Olá Ricardo,essa viagem correu bem?

Obrigado pela tua opinião,de facto não estas a por a colherada apenas estas a dar a tua opinião,e as vezes quem esta por fora vê as coisas de uma maneira diferente seja ela errada ou certa do que eu aqui ao vivo,mas de qualquer modo do lado direito não da para tirar aquela rocha do circulo,pois são peças únicas não foram coladas,apenas dois braços foram colados e por isso não há hipótese,agora que achas de subir um pouco mais com uma peça que encaixe bem ali??
Do lado esquerdo a mesma coisa,e quase tudo uma única peça,foram peças que me arranjaram por especial favor e sao enormes,uma pesa 25 kilos e outra 22 kilos,pois é muito mais natural e bonito serem peças únicas e fica mais agradável.
Que achas Ricardo de subir então o lado direito?
Quanto a espuma é tipo poliuterano só que própria para aquario e cura muito rápido,serve para colar e para modelar os layouts como por exemplo cobrir a coluna seca, disfarça muito bem e como é escura melhor ainda,da para fazer muita coisa mesmo

----------


## Ricardo Pinto

A viagem correu bem, obrigado.

Então eu não mexia mais, assim está bom, bastante espaço para colocar os corais. Subir mais o lado direito pode causar um efeito de  "sombra" no futuro. 
Só mais uma coisa... tens espaço para os peixes se esconderem?

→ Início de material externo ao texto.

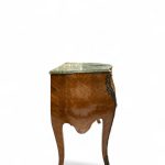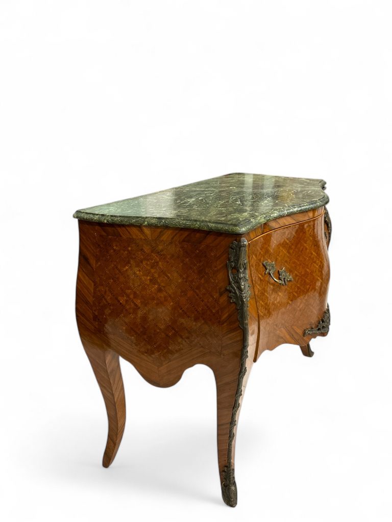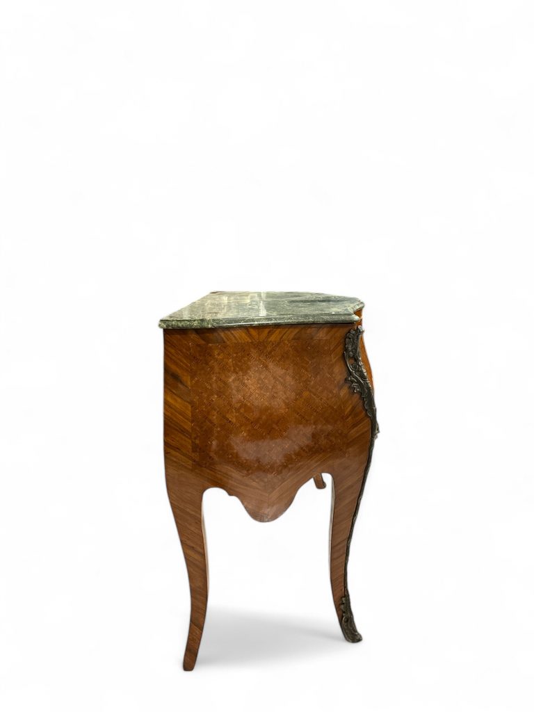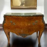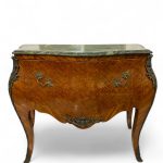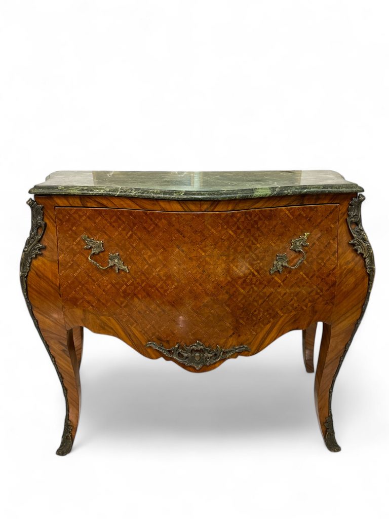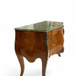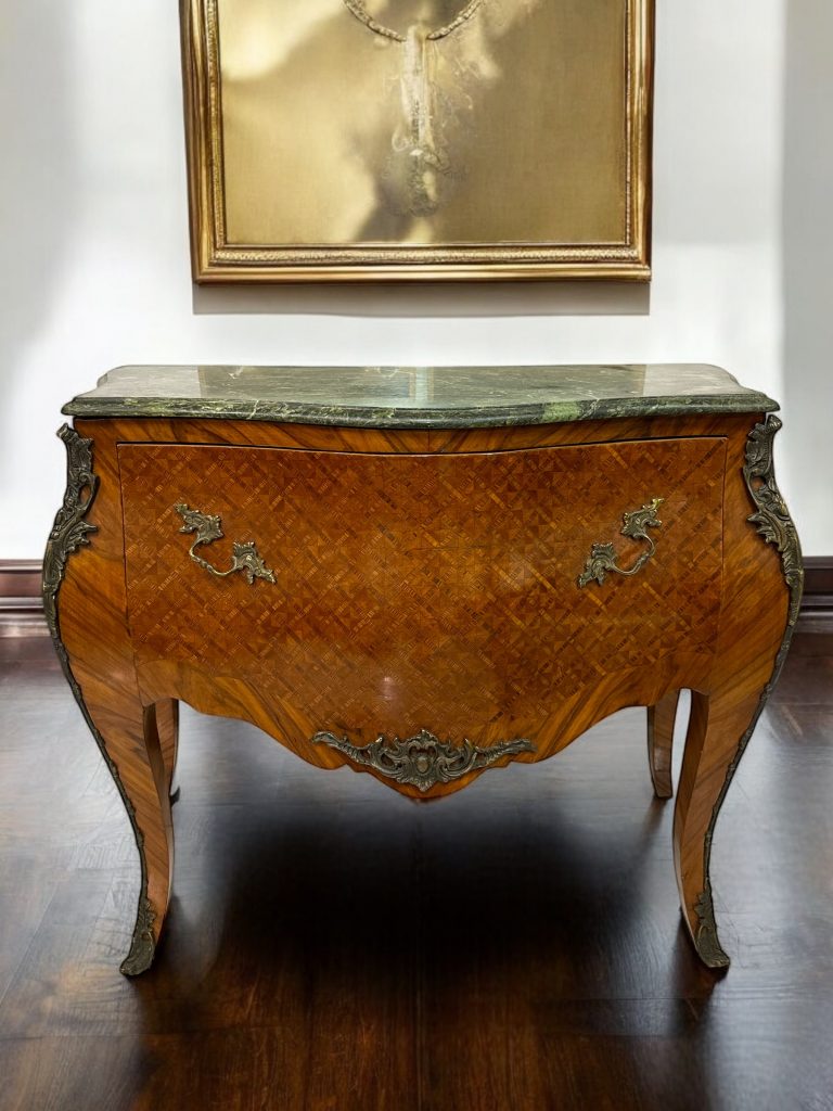 Questo elegante comò in stile Luigi XV, realizzato tra la fine del XVIII e l’inizio del XIX secolo, rappresenta una perfetta combinazione di arte e funzionalità. La struttura bombata in legno intarsiato, arricchita da un piano in marmo verde sagomato e dettagli in bronzo cesellato, esprime l’armonia e la raffinatezza del gusto Rococò. Le linee mosse e le decorazioni floreali aggiungono un tocco di esclusività, rendendolo ideale per ambienti classici o per creare un raffinato contrasto in contesti contemporanei.
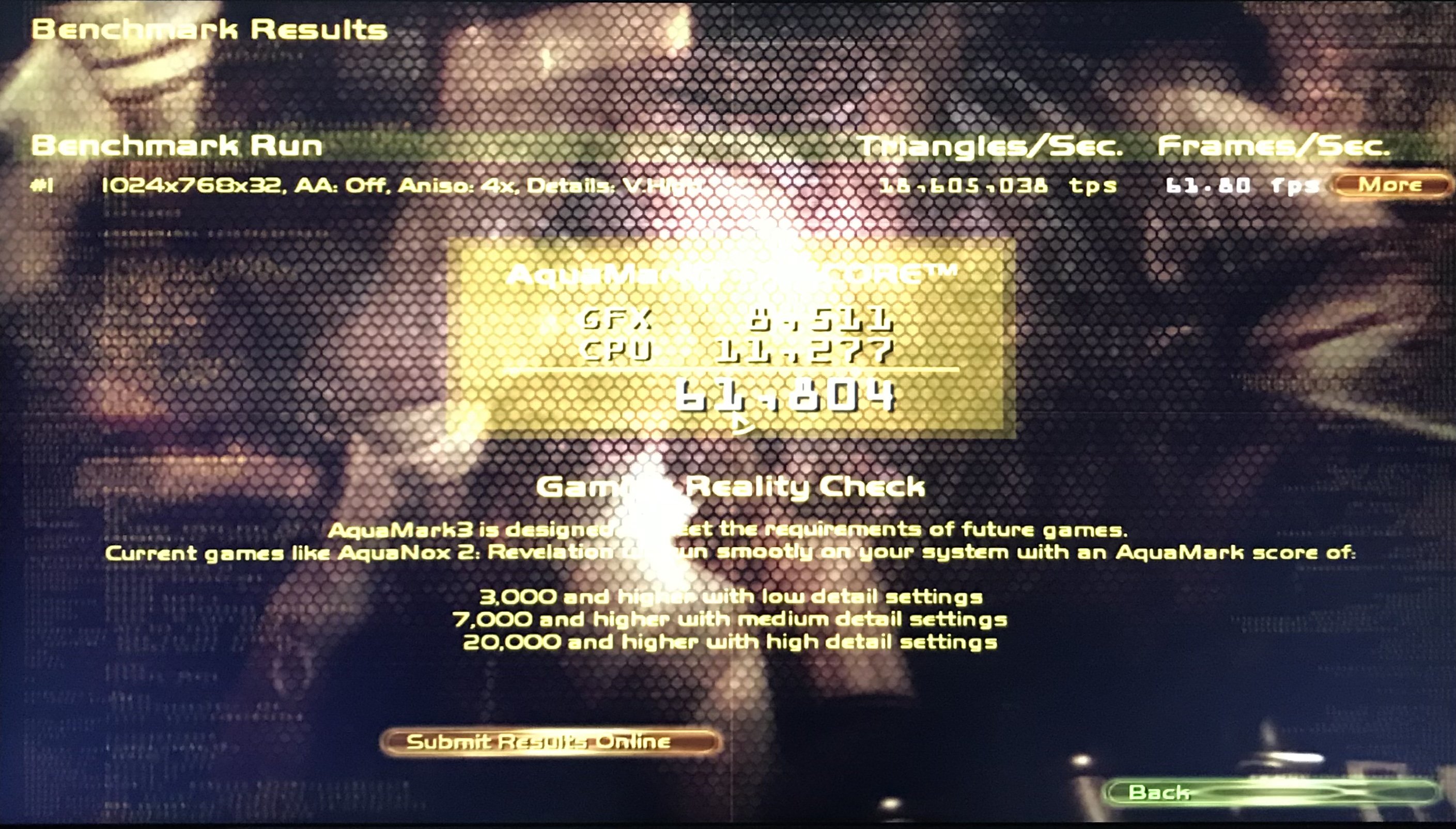 Quello di bench sarebbe AquaMark3, il punteggio finale si può vedere (nell’immagine), credo che sia basso, sia per la CPU non molto veloce, che per la memoria, anch’essa non molto veloce.

Um amigo, que recentemente montou um aquário com um layout parecido com o teu, queixa-se que por vezes nota os peixes "stressados" por não terem onde se esconder.

A rocha do lado esquerdo é fabulosa, está espectacular.

E a espuma... o que faz ao certo?

----------


## Paulo Bravo

Olá Ricardo

Eu estava a dizer por mais uma pela em cima mas encostada não ia encher nada nem destabilizar o layout apenas ficava encostada fazendo um efeito mais alto para evitar a simetria entre as duas partes.
Quanto aos peixes apenas vai levar 8 peixes....e têm muito espaço pois como podes ver por baixo dos troncos ha muito esconderijos e muitas saliências entre os próprios troncos,por acaso lembrei-me disso após ler vários tópicos com esse problema nos layouts mais abertos.
Quanto a espuma lê o que escrevi traz na ultima resposta , estavas distraído.....aiaiaia :yb665:

----------


## Paulo Bravo

Boas :Olá: 

Mais uma foto para comentarem,não foi nada limpo ainda inclusive os vidros que ainda tem aquela tradicional poeira do areao.
Esta apenas com 2 T5 ligadas estou a fazer jejum a iluminação,prefiro assim por enquanto,pelo menos nao ha algas...
Que tal o Layout? :yb663:  :yb663:

----------


## Ricardo Oliveira

Boas :Olá: 
Amigo Paulo 5stars...
Para quando a entrada de vivos?
8 peixes???Ja sabes o que vais colocar?E corais, lps sps ou misto?

----------


## Bruno JR Silva

Eu não gosto...







Do facto de não estar em minha casa!  :Big Grin:  :Big Grin:  :Big Grin:

----------


## Pedro Chouriço

Boas!

Muito porreiro o layout!Eu não lhe tocava mais!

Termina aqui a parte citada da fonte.